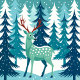 Illustration of a deer in a forest with a limited color palette, the deer is light green with white spots, it has red antlers, the forest is made of pine trees in different shades of blue and white, snow is falling.
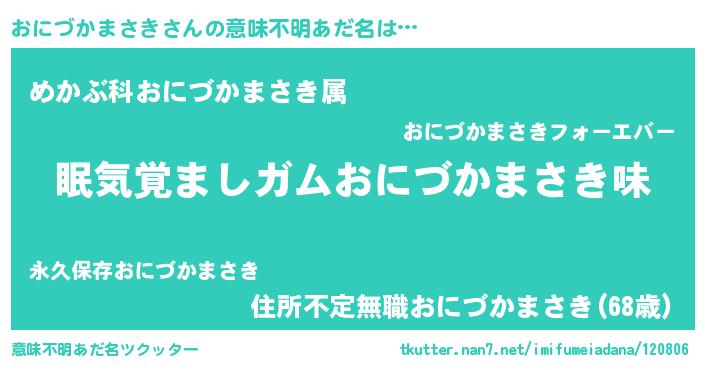 | 男性向けラノベタイトル風あだ名 | 『おまえをオタクにしてやるから、俺をおにづかまさきにしてくれ! 』 |
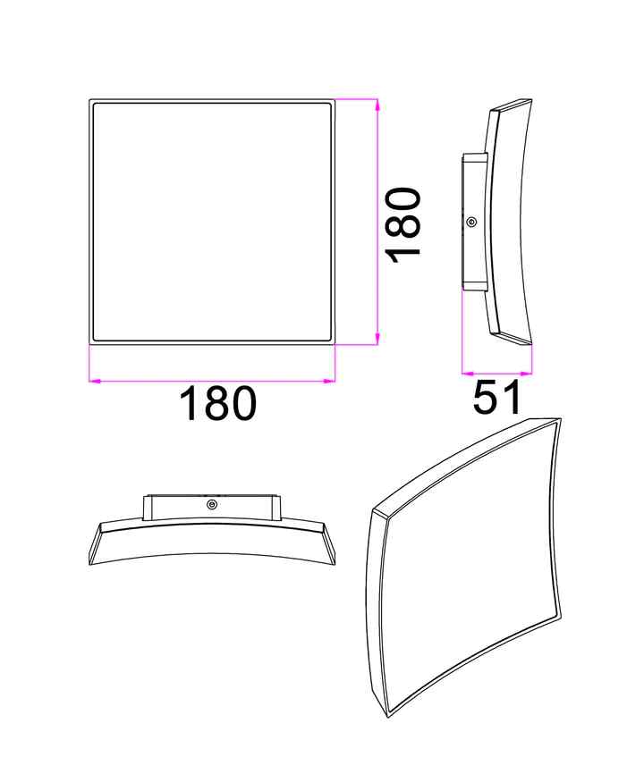 WALL S/M 13W LED TRI 1111Lm IP65 Curved Square Dark Grey
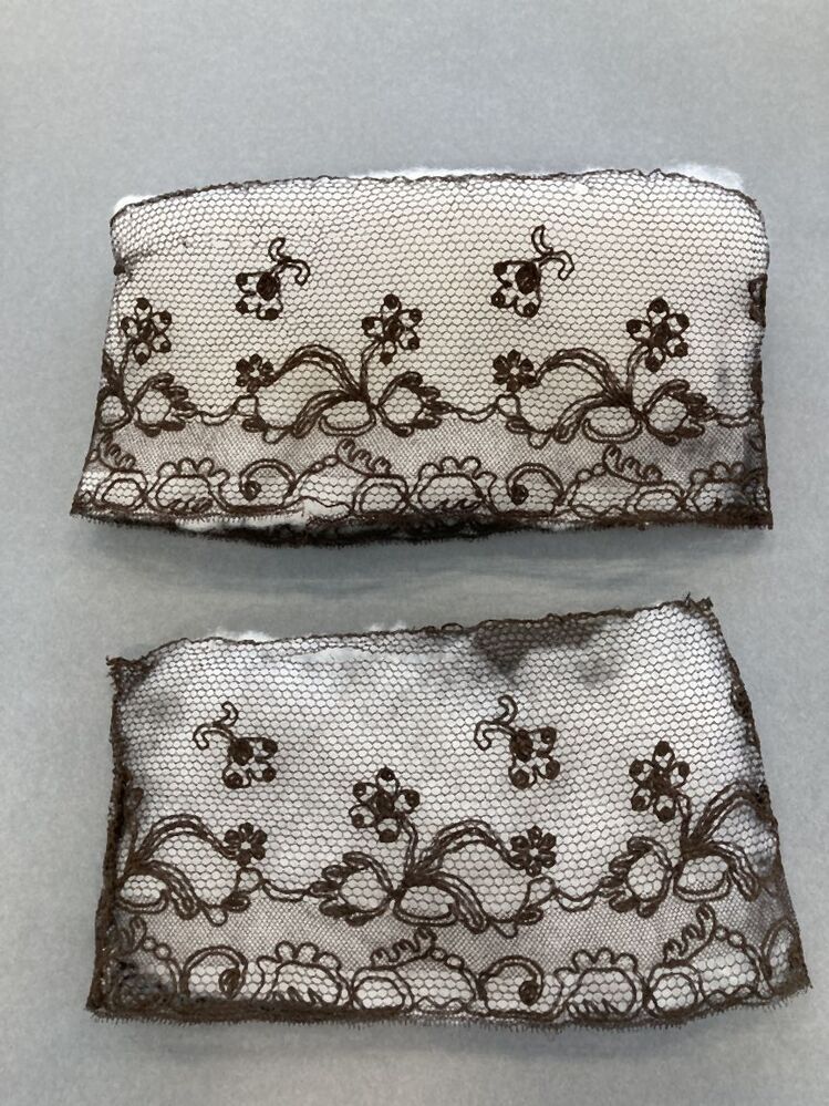 Paar manchetten of mouwlubben van zwarte tule met verschillende mazen, met borduurwerk
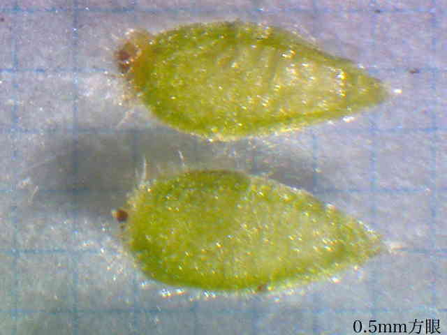 | ▼果実は長さ約3mm。 | ▼冠毛は長さ0.5mm未満。 | |
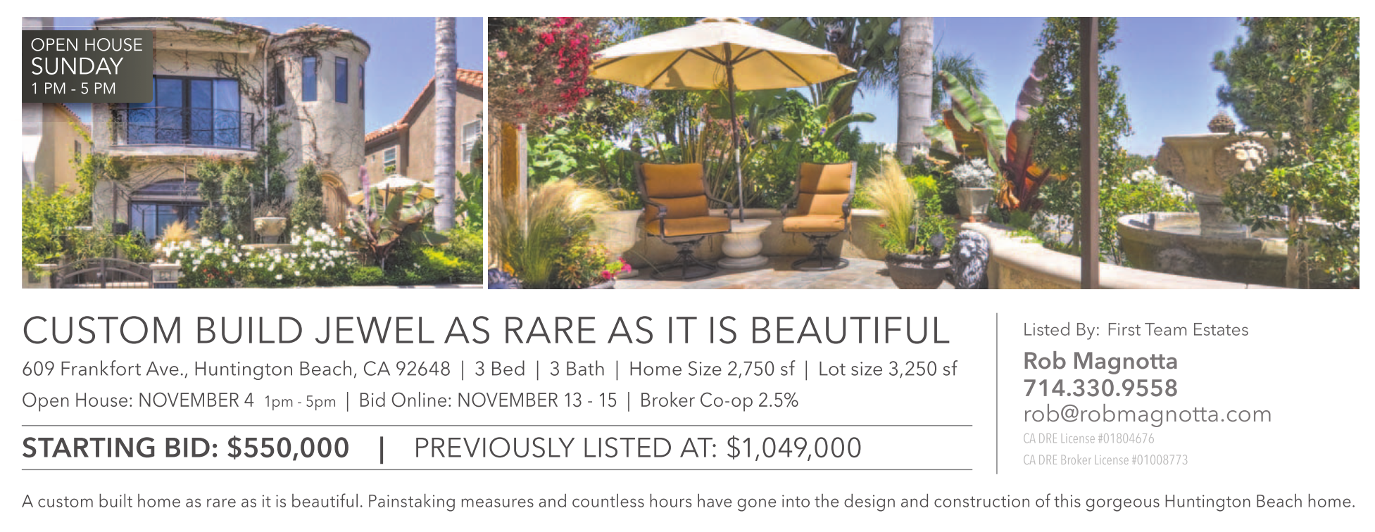 609 Frankfort Ave., Huntington Beach, CA 92648 | 3 Bed | 3 Bath | Home Size 2,750 sf | Lot size 3,250 sf Open House: NOVEMBER 4 1pm - 5pm | Bid Online: NOVEMBER 13 - 15 | Broker Co-op 2.5%
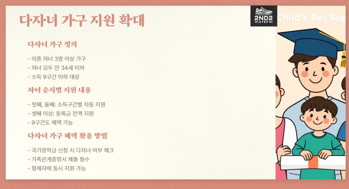 2025년부터 다자녀 가구(미혼 자녀 3명 이상)를 위한 국가장학금 지원이 강화되었습니다.
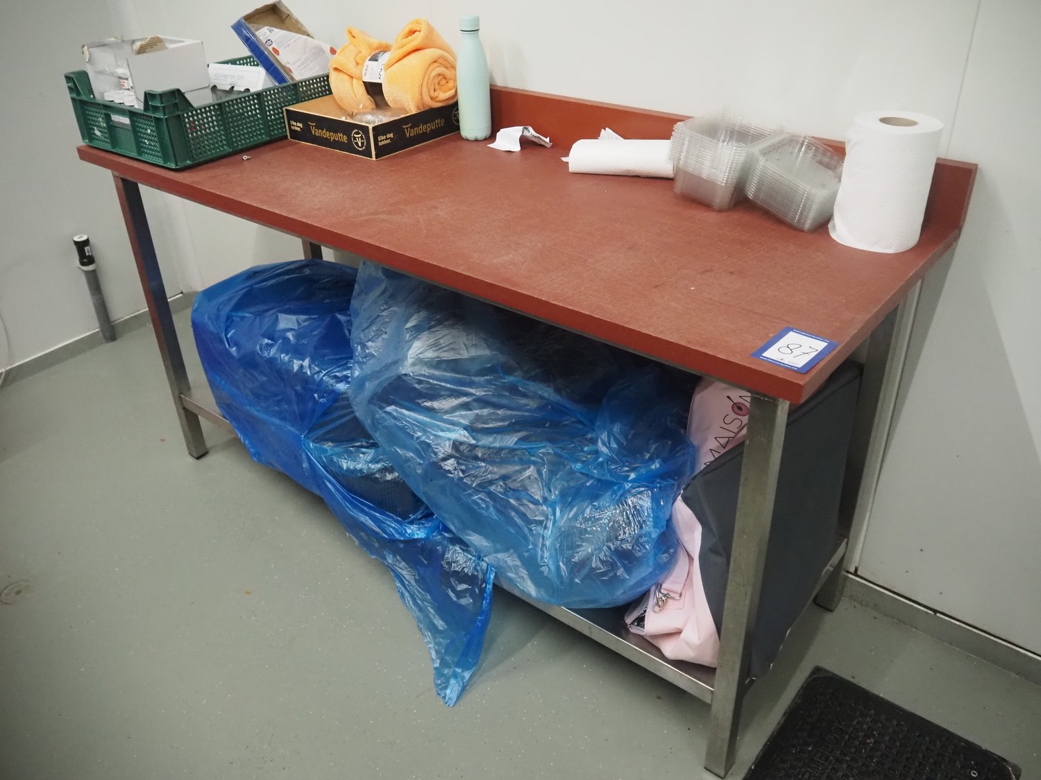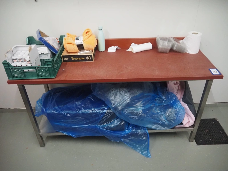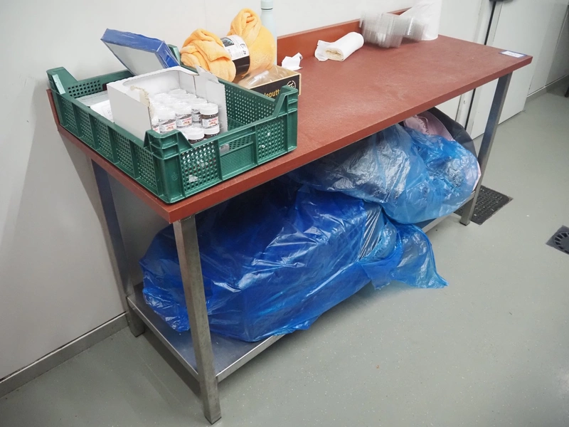 Deboning table, s/s frame, plastic cutting top, dimensions: 1800 mm x 650 mm x 1000 mm. Without content.
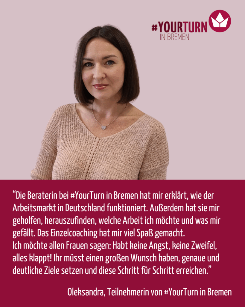 “Ich heiße Oleksandra und ich komme aus der Ukraine. Ich wohne seit dreieinhalb Jahren in Bremen. Ich habe über das Jobcenter von #YourTurn in Bremen erfahren und bin seit Mai 2024 im Projekt. Durch #YourTurn in Bremen habe ich eine Ausbildung als Verwaltungsfachangestellte gefunden. Ich empfehle allen Frauen, sich an #YourTurn in Bremen zu wenden, weil hier professionelle Menschen arbeiten, welche bei allen Fragen sehr gerne helfen.”
____
Output the lines above verbatim, images excluded.

### REPLY TO THE EXERCISE
 Illustration of a deer in a forest with a limited color palette, the deer is light green with white spots, it has red antlers, the forest is made of pine trees in different shades of blue and white, snow is falling.
 | 男性向けラノベタイトル風あだ名 | 『おまえをオタクにしてやるから、俺をおにづかまさきにしてくれ! 』 |
 WALL S/M 13W LED TRI 1111Lm IP65 Curved Square Dark Grey
 Paar manchetten of mouwlubben van zwarte tule met verschillende mazen, met borduurwerk
 | ▼果実は長さ約3mm。 | ▼冠毛は長さ0.5mm未満。 | |
 609 Frankfort Ave., Huntington Beach, CA 92648 | 3 Bed | 3 Bath | Home Size 2,750 sf | Lot size 3,250 sf Open House: NOVEMBER 4 1pm - 5pm | Bid Online: NOVEMBER 13 - 15 | Broker Co-op 2.5%
 2025년부터 다자녀 가구(미혼 자녀 3명 이상)를 위한 국가장학금 지원이 강화되었습니다.
 Deboning table, s/s frame, plastic cutting top, dimensions: 1800 mm x 650 mm x 1000 mm. Without content.
 “Ich heiße Oleksandra und ich komme aus der Ukraine. Ich wohne seit dreieinhalb Jahren in Bremen. Ich habe über das Jobcenter von #YourTurn in Bremen erfahren und bin seit Mai 2024 im Projekt. Durch #YourTurn in Bremen habe ich eine Ausbildung als Verwaltungsfachangestellte gefunden. Ich empfehle allen Frauen, sich an #YourTurn in Bremen zu wenden, weil hier professionelle Menschen arbeiten, welche bei allen Fragen sehr gerne helfen.”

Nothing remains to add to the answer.